INSTRUCTIONS TO FOLLOW - Within the listing below, give again exactly the lines between the one containing "Want to send" and the one containing "Los aros de", inclusive, pictures left aside.

EXERCISE DATA -
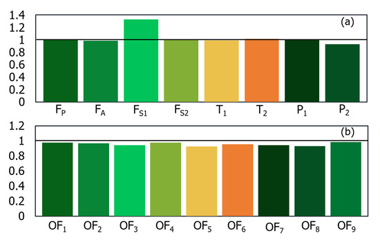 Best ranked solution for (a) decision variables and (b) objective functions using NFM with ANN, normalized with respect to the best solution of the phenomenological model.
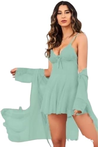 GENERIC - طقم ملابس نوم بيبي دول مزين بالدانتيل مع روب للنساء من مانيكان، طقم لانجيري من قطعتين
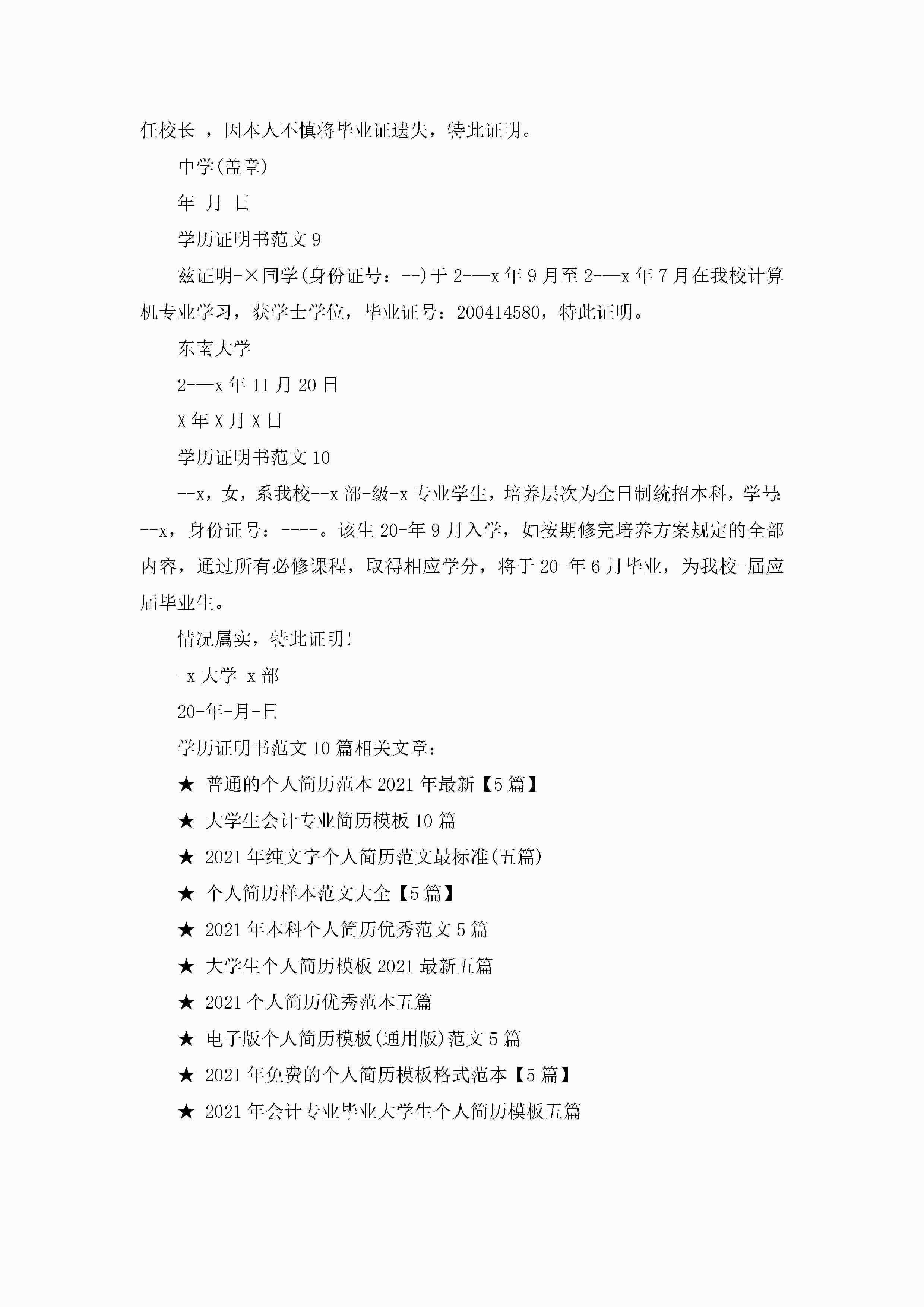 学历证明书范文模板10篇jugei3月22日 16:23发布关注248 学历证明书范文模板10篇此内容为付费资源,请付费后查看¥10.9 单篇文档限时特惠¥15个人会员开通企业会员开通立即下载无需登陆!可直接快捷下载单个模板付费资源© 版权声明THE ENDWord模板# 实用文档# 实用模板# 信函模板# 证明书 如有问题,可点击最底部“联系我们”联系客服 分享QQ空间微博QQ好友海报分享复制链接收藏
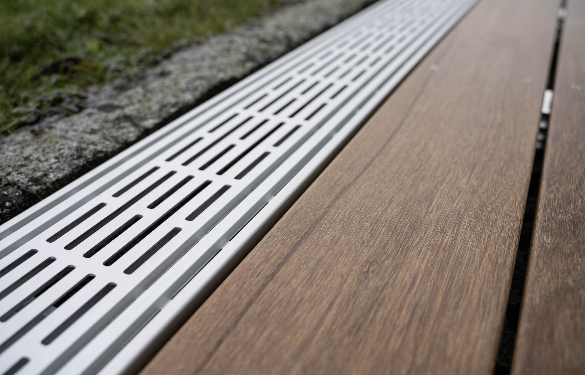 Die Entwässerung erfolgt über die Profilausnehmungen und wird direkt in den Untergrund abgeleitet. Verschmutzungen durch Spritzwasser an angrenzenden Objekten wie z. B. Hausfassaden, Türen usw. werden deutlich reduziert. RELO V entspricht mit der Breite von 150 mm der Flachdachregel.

---

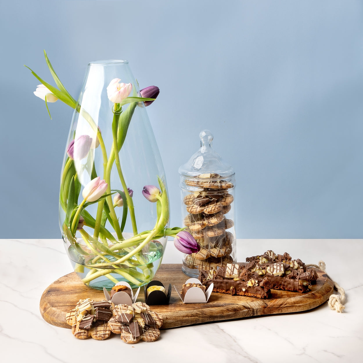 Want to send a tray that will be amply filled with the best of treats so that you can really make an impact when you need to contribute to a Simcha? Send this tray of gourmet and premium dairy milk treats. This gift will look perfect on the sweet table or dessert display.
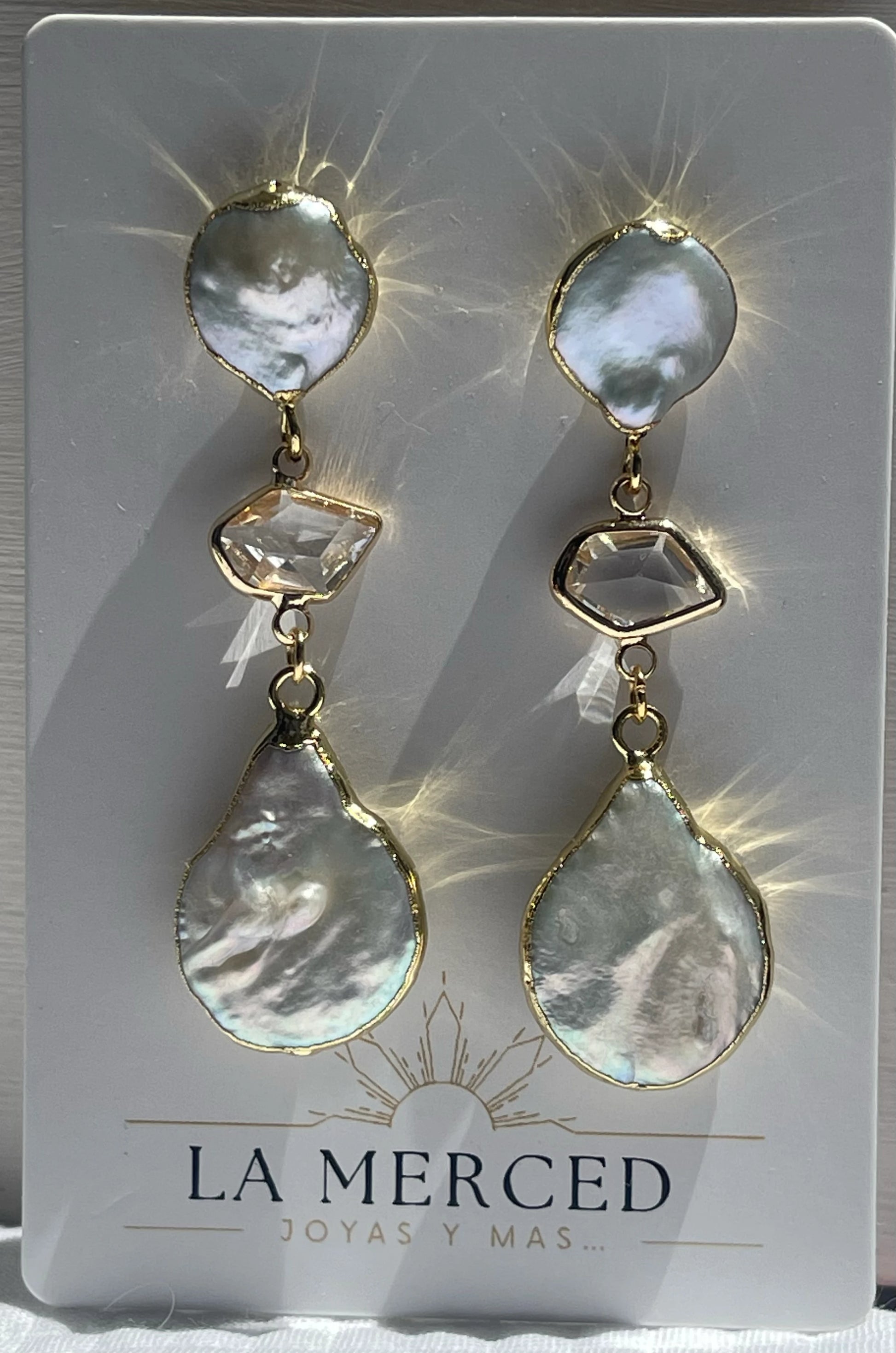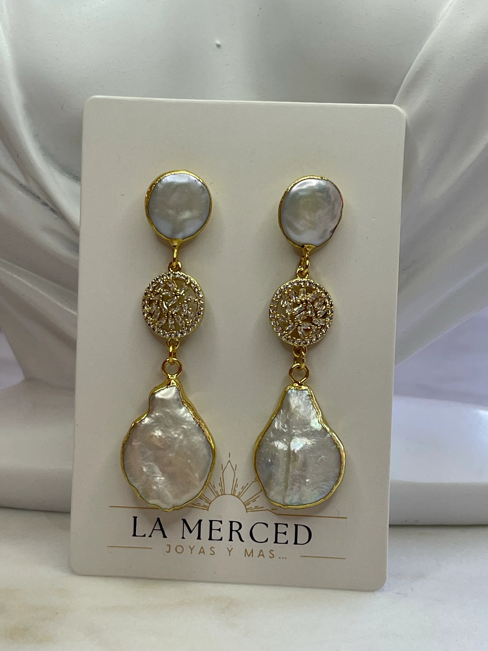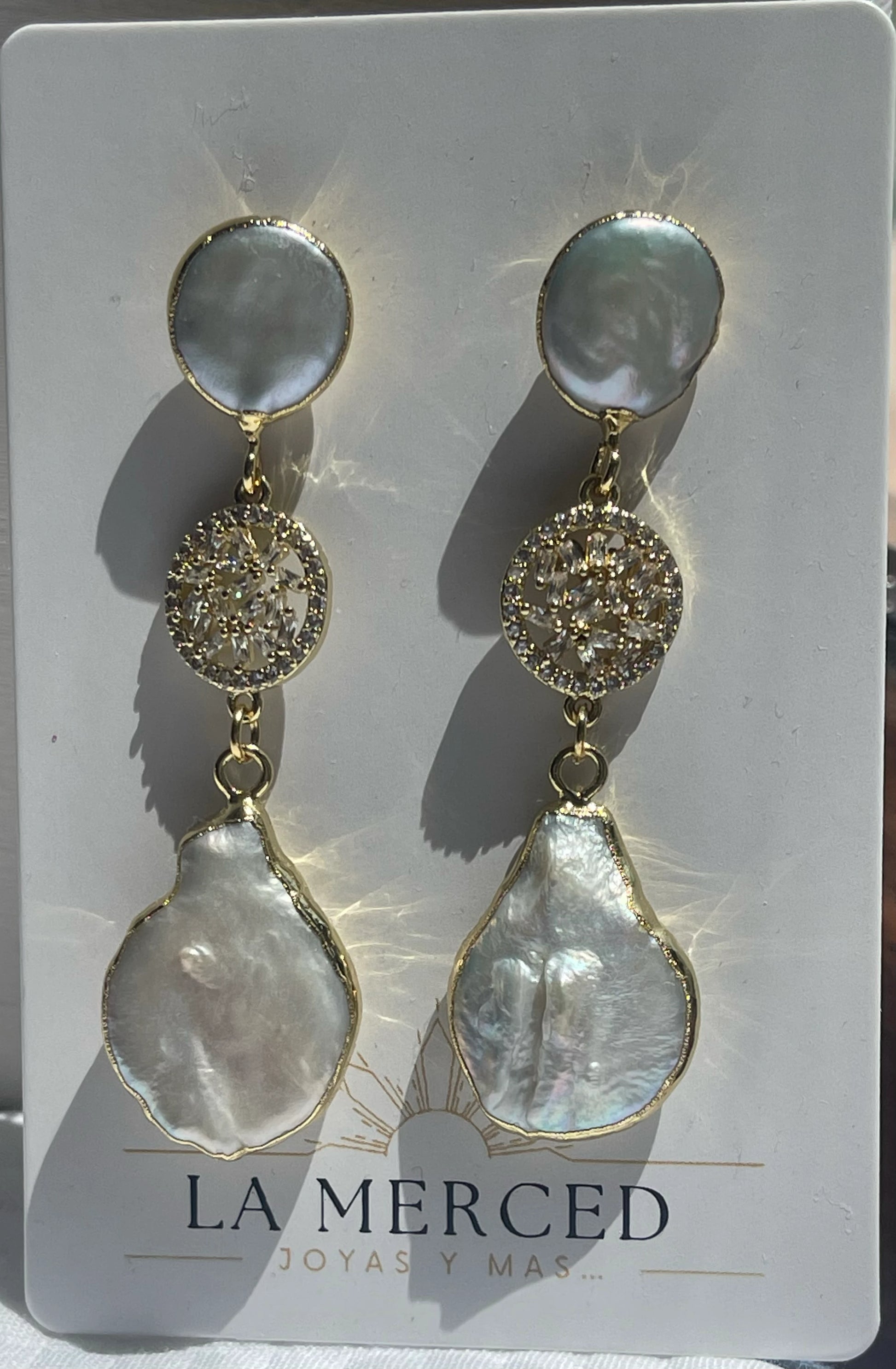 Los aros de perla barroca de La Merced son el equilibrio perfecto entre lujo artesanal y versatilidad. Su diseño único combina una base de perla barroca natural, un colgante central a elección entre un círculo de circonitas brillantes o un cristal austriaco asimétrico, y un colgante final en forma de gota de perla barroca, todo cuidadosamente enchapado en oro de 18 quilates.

ANSWER TO THE EXERCISE -
 Want to send a tray that will be amply filled with the best of treats so that you can really make an impact when you need to contribute to a Simcha? Send this tray of gourmet and premium dairy milk treats. This gift will look perfect on the sweet table or dessert display.
 Los aros de perla barroca de La Merced son el equilibrio perfecto entre lujo artesanal y versatilidad. Su diseño único combina una base de perla barroca natural, un colgante central a elección entre un círculo de circonitas brillantes o un cristal austriaco asimétrico, y un colgante final en forma de gota de perla barroca, todo cuidadosamente enchapado en oro de 18 quilates.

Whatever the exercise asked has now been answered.